«Ростислав Александрович!
Жди меня до завтрева вечера. Не вернусь – уходи, сам не суйся. Ежели чего – кланяйся от меня брату.
Получилось вполне убедительно. Степа положил коробку перед кроватью капитана и вышел, тихо прикрыв дверь.
…Косухину понравились слова Валюженича о «команде», но время, проведенное у потайного окна, заставило его задуматься. Ясно, что караульная служба здесь поставлена отменно, и пробраться незамеченными, да еще втроем, скорее всего невозможно. Значит, идти надо одному – и не тайно. В запасе у Косухина был опыт, реакция, изрядная наглость – и удостоверение представителя Сиббюро, лежавшее в нагрудном кармане гимнастерки.

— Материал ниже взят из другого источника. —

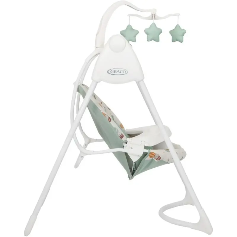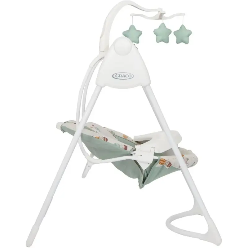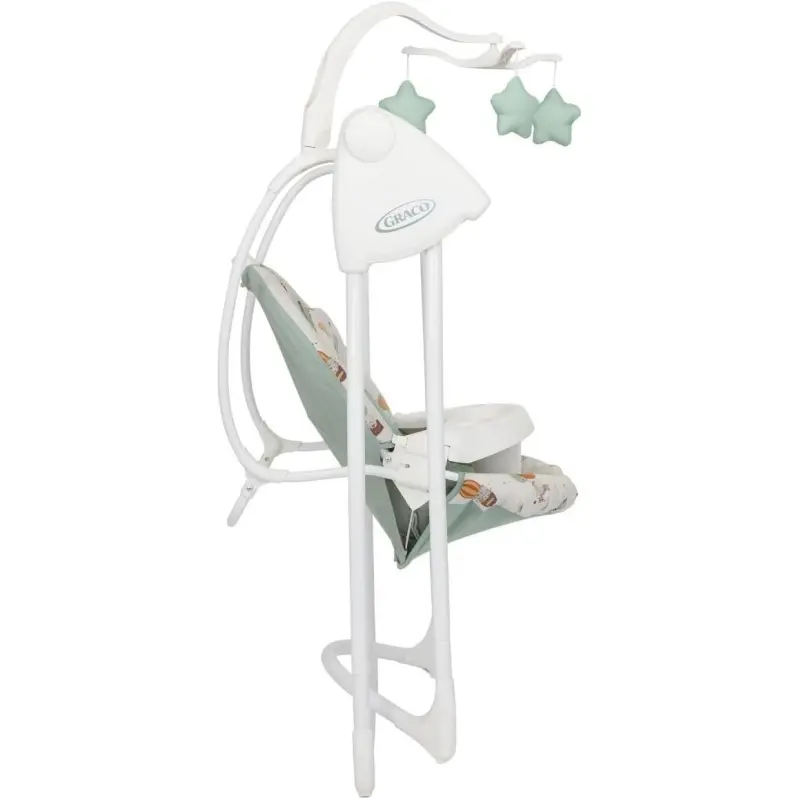Ali tu nije kraj – Lovin Hug Up & Away ljuljačka također dolazi s 10 klasičnih melodija i zvukova prirode koje će uljepšati svaki trenutak vaše bebe. A tu je i vrtuljak s plišanim igračkama koje pružaju vizualnu stimulaciju i potiču razvoj senzornih vještina.

Степа решил рискнуть. Дорогу в помещение с окном он запомнил хорошо и через несколько минут был уже там. В комнате было абсолютно темно и тихо. Но, прислушавшись, Косухин заметил, что из угла доносится чье-то тихое дыхание. Он замер и щелкнул зажигалкой.
– Эй! Кто тут?
Вспыхнул огонь, осветивший старое, покрытое глубокими морщинами, лицо. Косухин обрадовался, узнав монаха, который, как показалось, отреагировал на русскую речь.
– Эй, батя! – позвал он. – Ты, эта… поговорим…

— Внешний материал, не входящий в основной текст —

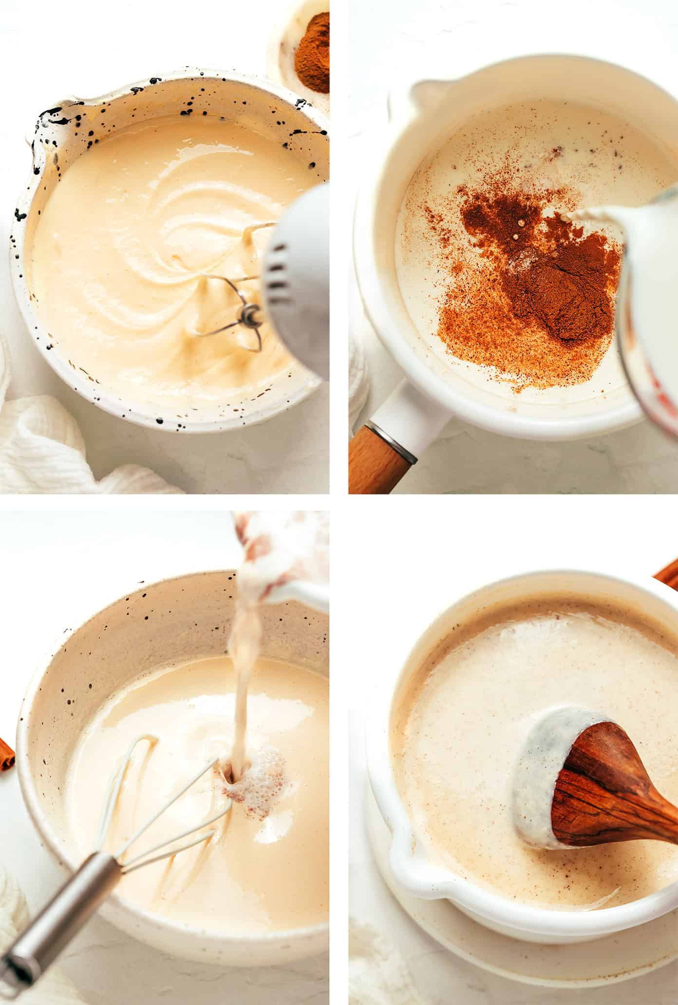 2. Heat the milk mixture. In a medium saucepan, combine the milk, cream, cinnamon, nutmeg, and salt. Warm over medium heat until steaming (donโ€™t let it boil).

Монах зажег фонарь, который держал под рукой, и не спеша подошел ближе.
– По-русски понимаешь, батя?
Монах кивнул.
– А говорить можешь?
Старый монах, показав рукой куда-то вверх, сделал жест, словно запечатывая себе уста.
– Ну ладно, – нетерпеливо зашептал Косухин. – Понимаешь – и хорошо… Мне… эта… надо отсюда выйти. Тут выход есть?
Старик вновь указал рукой вверх.
– Да нет, не с Луны я, – заторопился Степа. – И не с Марса. Мне в Шекар-Гомп надо.
Взгляд монаха стал холодным и жестким, он поклонился, а затем достал из-под одежды что-то небольшое, сверкнувшее в тусклом свете фонаря старым металлом.
…Нож, точнее, стилет из литого серебра. Он показался Косухину необыкновенно тяжелым. Подумалось, что под серебряной поверхностью находится что-то иное – свинец, а то и ртуть.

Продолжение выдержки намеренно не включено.